The Epicurean on P&O Cruises, for example, serves a range of delicate dishes, from chicken liver parfait with wood smoke and Spanish cured ham with Manchego cheese and olives, to loin of wild boar and salt marsh rack of lamb. Many are cooked using molecular gastronomy techniques and incorporate liquid nitrogen for special textural effects.

Regional tastes

Restaurants serving cuisines from around the world find their way on board. Asian tastes – Japanese, Thai and Korean – have long been a favourite, as have Italian and Spanish dishes. Indian food is now making inroads onto cruise lines as well.

Cruise ships also cook cuisines of the ports they stop at, offering trainee chefs a welcome insight into specific regional dishes and varied experience with every contract. Princess Cruises rustles up delicious Bahamian favourites including cracked conch shells, johnnycakes, souse and guava duff. Uniworld’s south of France tour sees dishes like daube provencal, bouillabaise, and iced Montélimar nougat parfait.

Guest requests

Now and then, as more people realise cruising is fun and do-able, cruise ship kitchens receive special requests from guests. These span the range from allergies to diets and even baby food. Companies differ in their policies of what is available to guests on board, but as competition increases, they widen their offerings to be more inclusive.

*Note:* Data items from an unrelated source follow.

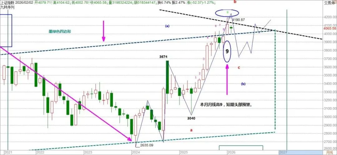 本月月线九转系是高9,值得关切。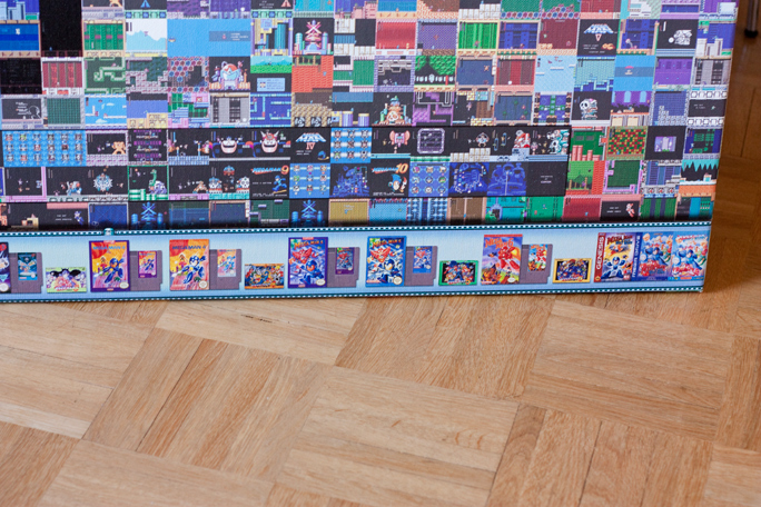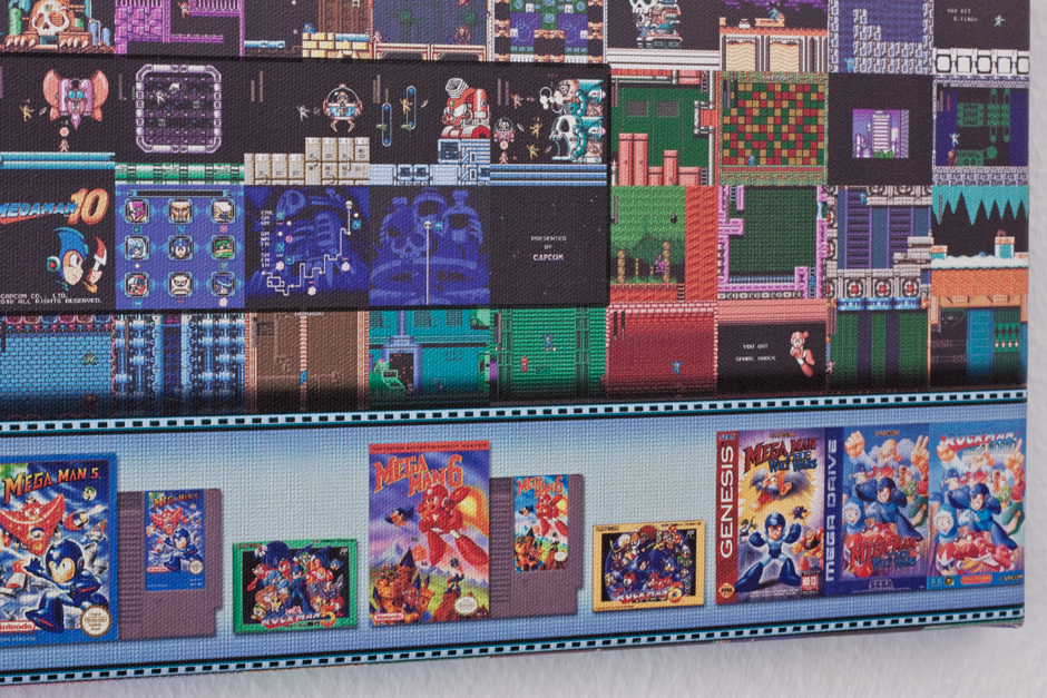 A fan has created a 120 x 109 cm Mega Man mosaic which possesses roughly 1,500 screenshots from the first six games in the series. Shots were captured during playthroughs and feature all levels from Mega Man 1 – 6. In addition, the artist worked on a gallery that contains Mega Man boxes/cartridges from every region. You can check out a description of the art below as well as a bunch of pictures.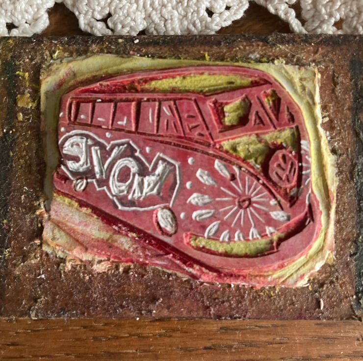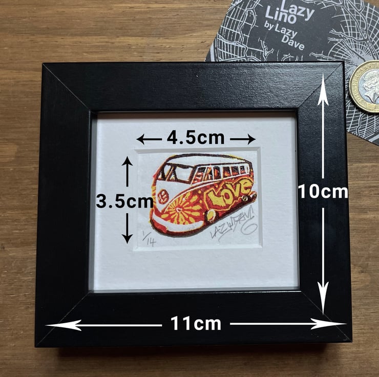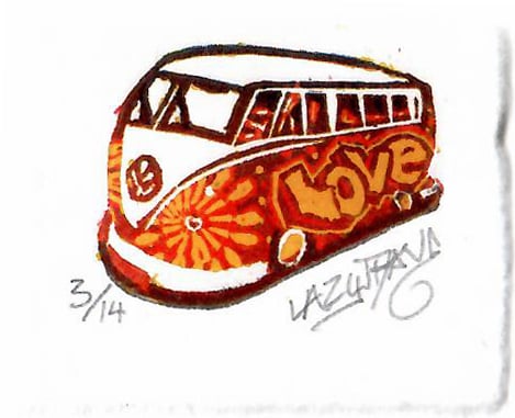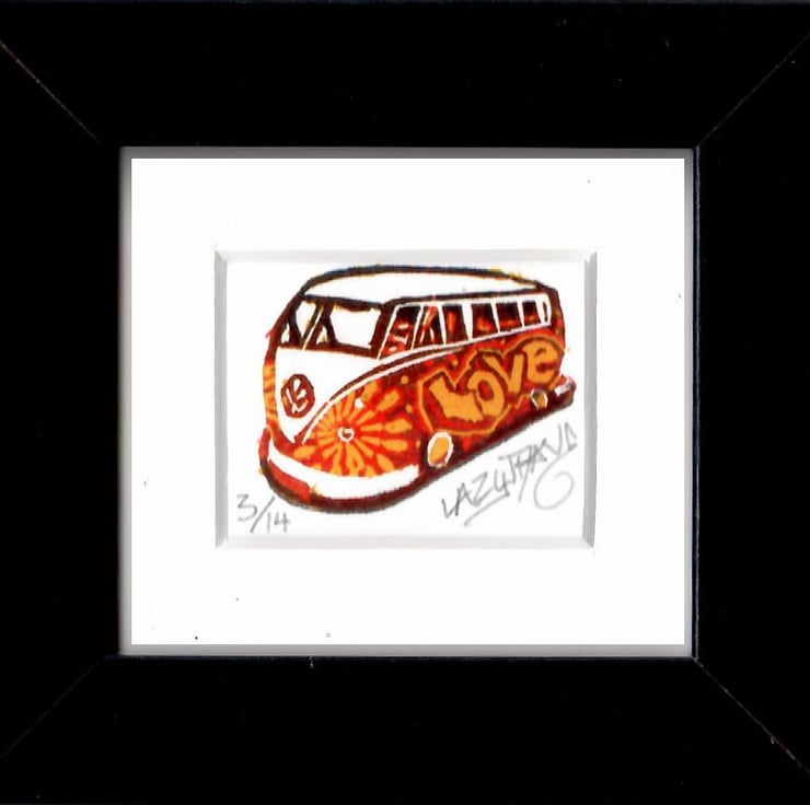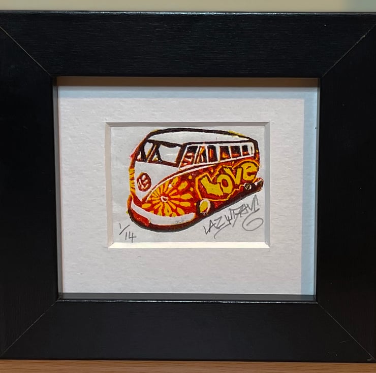 An original, framed, fun size, limited edition, colour, reduction lino print of a vintage VW Campervan Split Screen with LOVE in graffiti style on the side of the van.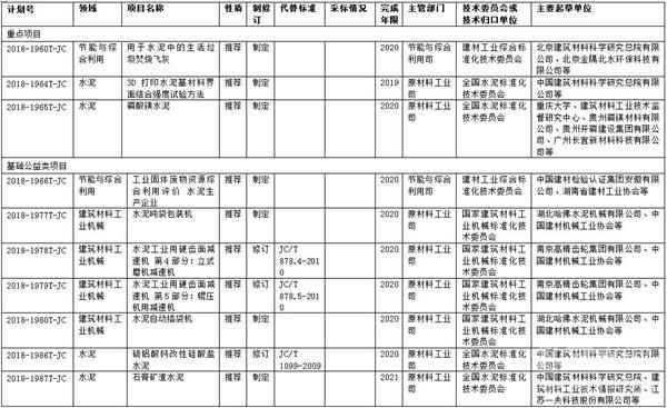 近期,工業(yè)和信息化部辦公廳關于印發(fā)2018年第四批行業(yè)標準制修訂計劃的通知(以下簡稱“標準”)中包含了十項水泥相關標準,分別是:用于水泥中的生活垃圾焚燒飛灰、3D打印水泥基材料界面結合強度試驗方法、磷酸鎂水泥、工業(yè)固體廢物資源綜合利用評價水泥生產企業(yè)、水泥噸袋包裝機、水泥工業(yè)用硬齒面減速機第4部分:立式磨機減速機、水泥工業(yè)用硬齒面減速機第5部分:輥壓機用減速機、水泥自動插袋機、硫鋁酸鈣改性硅酸鹽水泥、石膏礦渣水泥。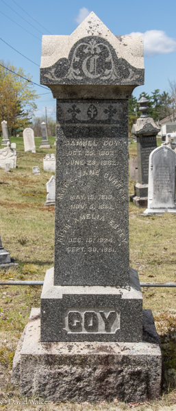 - [S12193] Cemetery marker, Upper Gagetown Cemetery, Upper Gagetown, Queens County, New Brunswick, Canada. Samuel Coy family plot, tombstone inscription & photograph; read by David A. Walker, 16 May 2017.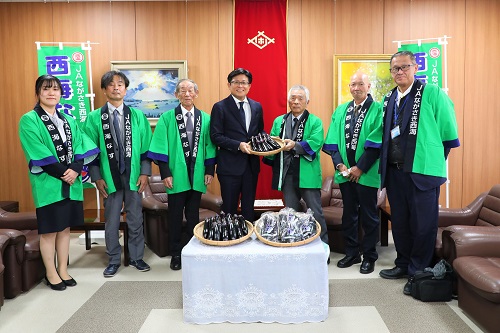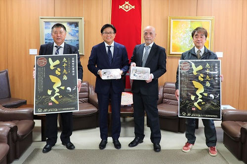 九十九島とらふぐのPRおよび贈呈のため市役所を訪れた九十九島漁業協同組合の皆さんと市長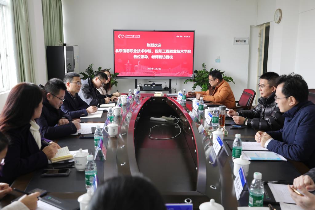 邓毛程对北京信息职业技术学院、四川工程职业技术学院的来访表示热烈欢迎,从学校历史发展、办学规模、专业特色等方面进行了详细介绍。他表示,希望三校携手搭建更多合作平台,推动学校事业高质量发展。
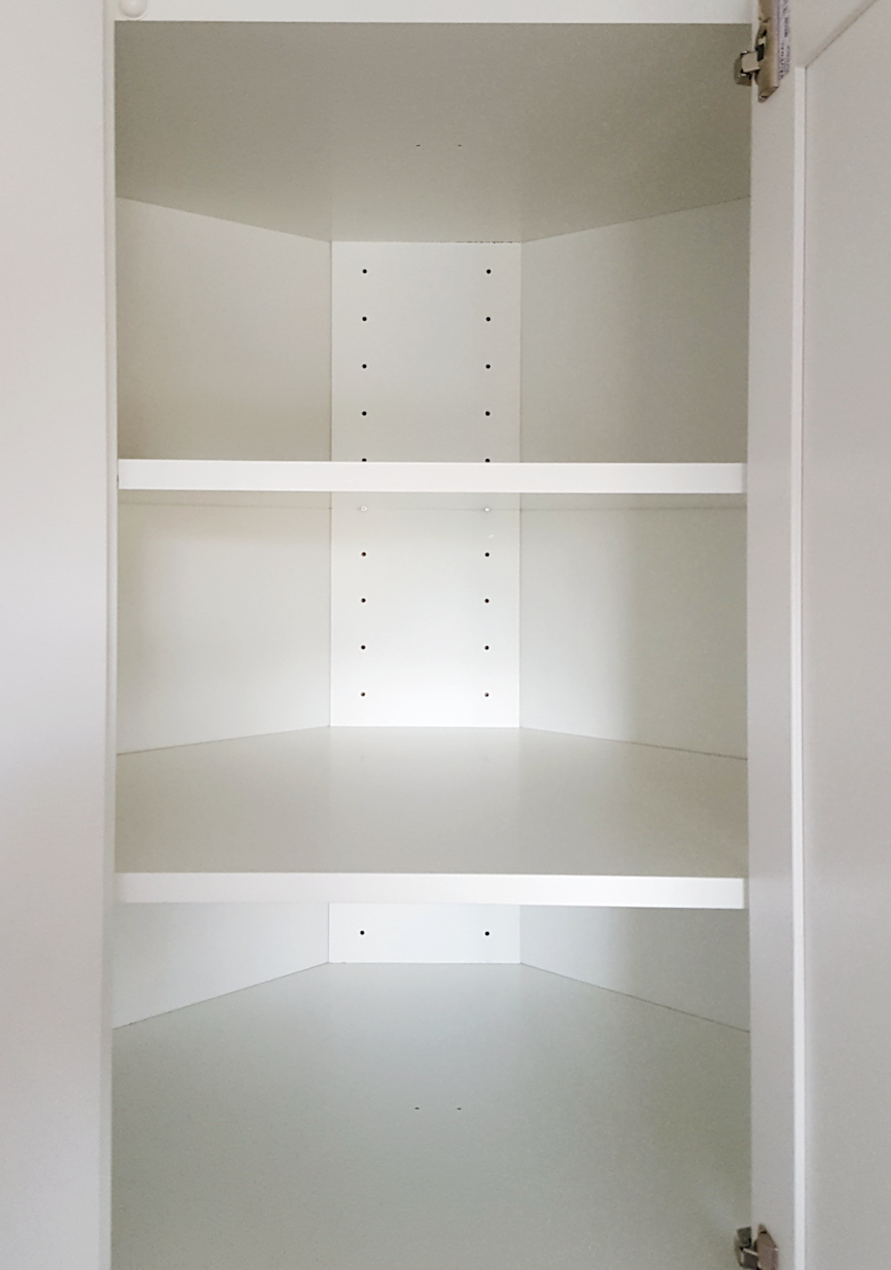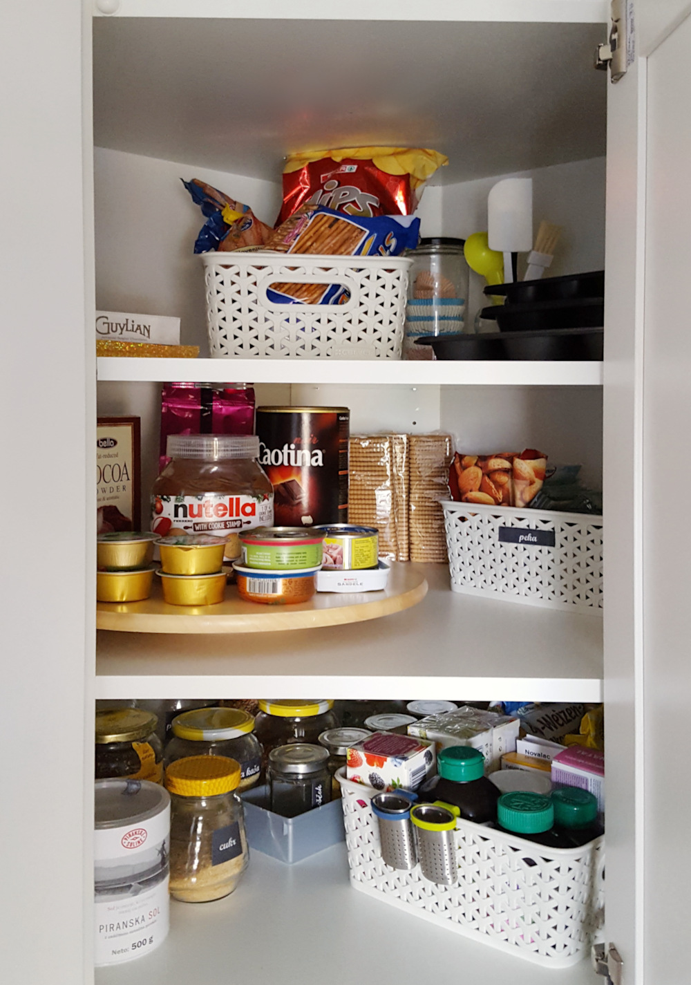 Kotna omara v kuhinji je velikokrat najbolj neorgaizirana omara v prostoru. Sedaj že veliko kuhinjskih modelov ponuja vrtilne notranje police in le-to ima tudi spodnja kotna omara v naši kuhinji. Vrtljiv model je priročen, ker omogoča dosegljivost vseh shranjenih predmetov. A pri zgornji kotni omari namenoma nisem izbrala takšnih polic, ampak čisto navadne. Razlog za to je moja višina. Ker v višino 2 metra ne dosežem z lahkoto, nisem videla smisla v vrtljivih policah, vedela pa sem, da me po taki izbiri čaka še en organizacijski projekt.

There might be requests to tweak certain dishes to suit special requirements, particularly when ordering room service. Food is generally required for vegetarian, vegan, low or no fat, low or no salt, lactose intolerant, dairy free, gluten- or wheat-free, low cholesterol, diabetic, kosher and halal diets, as well as allergies to certain ingredients.

In all cases, the more of a variety of food you cook as a cruise ship chef, the better your chances of moving forward in your career.